A massive argument ensues. I and the husband take some time after to discuss it, we find a family counselor so we can all sit down and reconcile, and are going to get a hold of my mom when I get a letter in the mail- I've been disowned, I was never a good son, and lots of blame and recrimination, etc.
I tried seeing if anything was salvageable later, after the person once my mother (ex-mom?) had some more time to think about what she had done. By that time, she had rewritten the history of everything that happened in her head. I just couldn't deal with the head games anymore, so I cut it off. She still sends me Christmas cards at my job (she has tracked me down every time I've moved jobs or homes) reminding me how much I meant to her, and could she see her granddaughter..."
"When I was 2-years-old, my mum came home and found a letter from my dad saying he was moving back to Canada. He'd withdrawn all the money from their savings, leaving her with nothing. When my mum saw the letter, she chased after him and got to the airport. Ironically, one of the ways she convinced him not to leave is because he already had another kid he'd abandoned in Vancouver, and she reminded him that he'd have to face that.
They got back together and had another child (my other brother) before my dad broke down again, but this time he didn't leave the country and was an alright dad. He had a few girlfriends, one was abusive to me, the other, when I was 10, was jealous my dad had other children, so I didn't see him for a good while. I have an 'ok' relationship with my dad now, I love him, and I'm a forgiving person.

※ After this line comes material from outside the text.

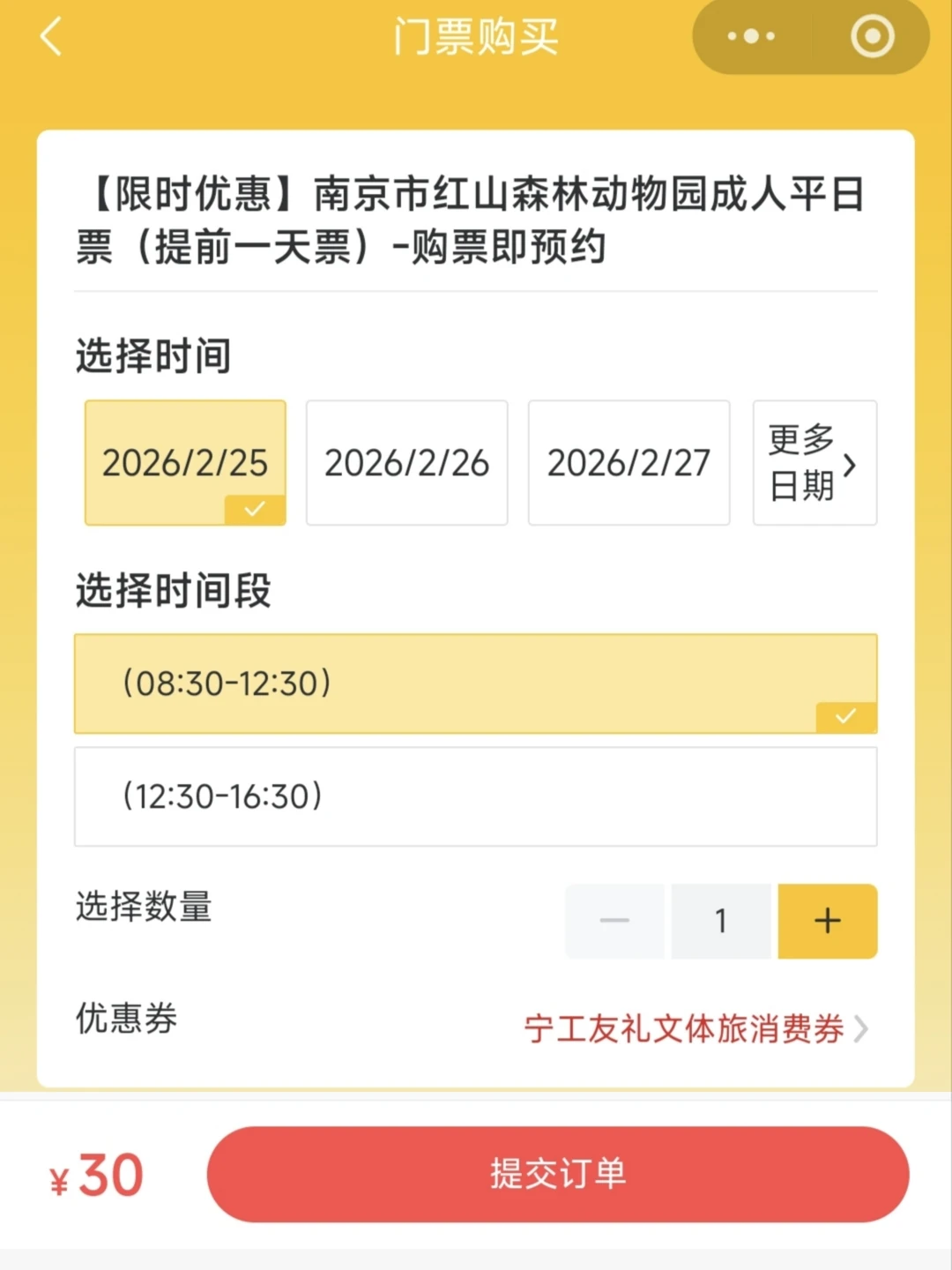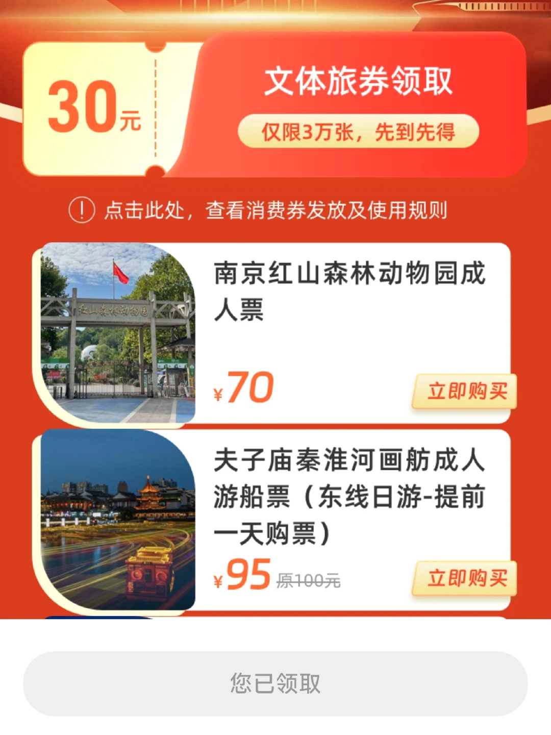 🎫活动分三轮总计发放3万张,目前还有2万张;红山动物园、夫子庙游船、大报恩寺门票立减30元,以红山动物园为例,提前购票60元券后门票仅需30元!当天购票70元券后门票40元~
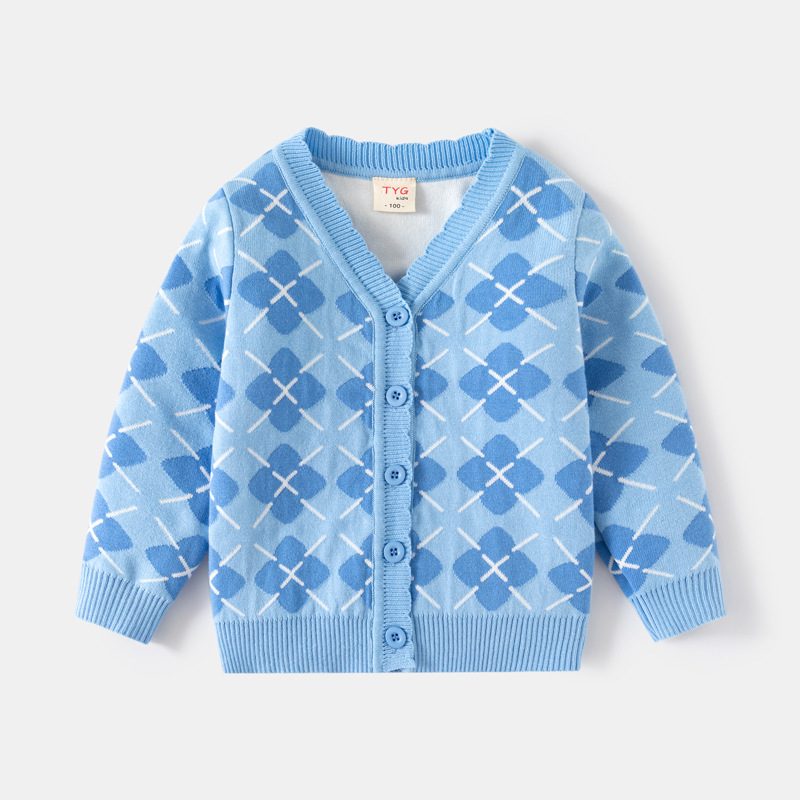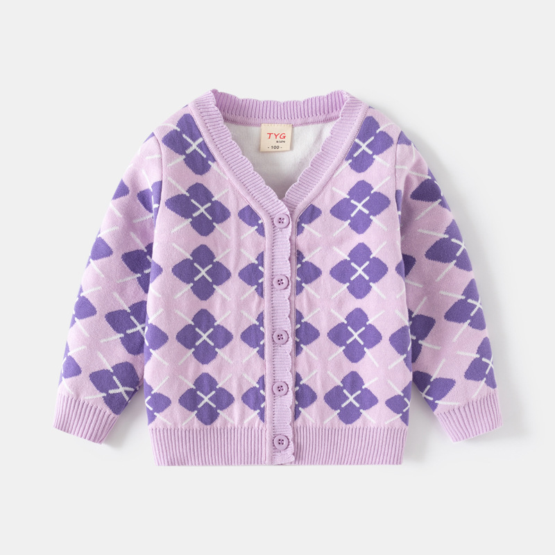여자 스웨터 재고 도매 가을 새로운 아동복 소녀 더블 면 꽃 자카드 니트 카디건 재킷

I met the child he abandoned in Vancouver, he's 12 years older than me. I went out there by myself at age 17 and stayed in a hotel, then with him for a bit. We got along really well and keep in touch regularly. He's actually pretty well known in the movie industry (special effects) so I got to go to his studio and see loads of cool stuff, it was awesome!"
"Mine disowned me because I split up with a girlfriend they adored. We split up because she had an abortion - there were no health issues, I owned my own house, had a good job, both mid-twenties. Long-term relationship. No drinks, illegal substances, gambling, or any other type of substance abuse. The problem was we were not married. Her parents ordered her too and she acquiesced to whatever they wanted. So she paid £300 to kill my child. Why didn't I tell my parents? They were strict Catholics and it would have upset them greatly."
"I was disowned when I was 18. Wasn't their fault, though, it was I who was being stubborn over a guy they didn't like. Turned out, he was a full prick, smoking and getting wasted and cheating on me all the time, even spending my hard-earned money to pay women of the night.
I broke up with him when I was 20, and my parents accepted me back, but they still wouldn't have me around until I learned my lesson. So they sent me to Beijing, seven hours away by flight. They sent me there without enough money to live upon. Well, it turned out to be the best experience I've ever had, but apparently, dad thought I would be so lonely and hard-up over there (seriously, he thought I was incapable of making new friends) that I'd come back crying and repentant.
Five years later, when my parents were finally certain I'd changed and matured, they welcomed me back into the family.
Sadly, I'm so used to living alone by now that I no longer want the family embrace."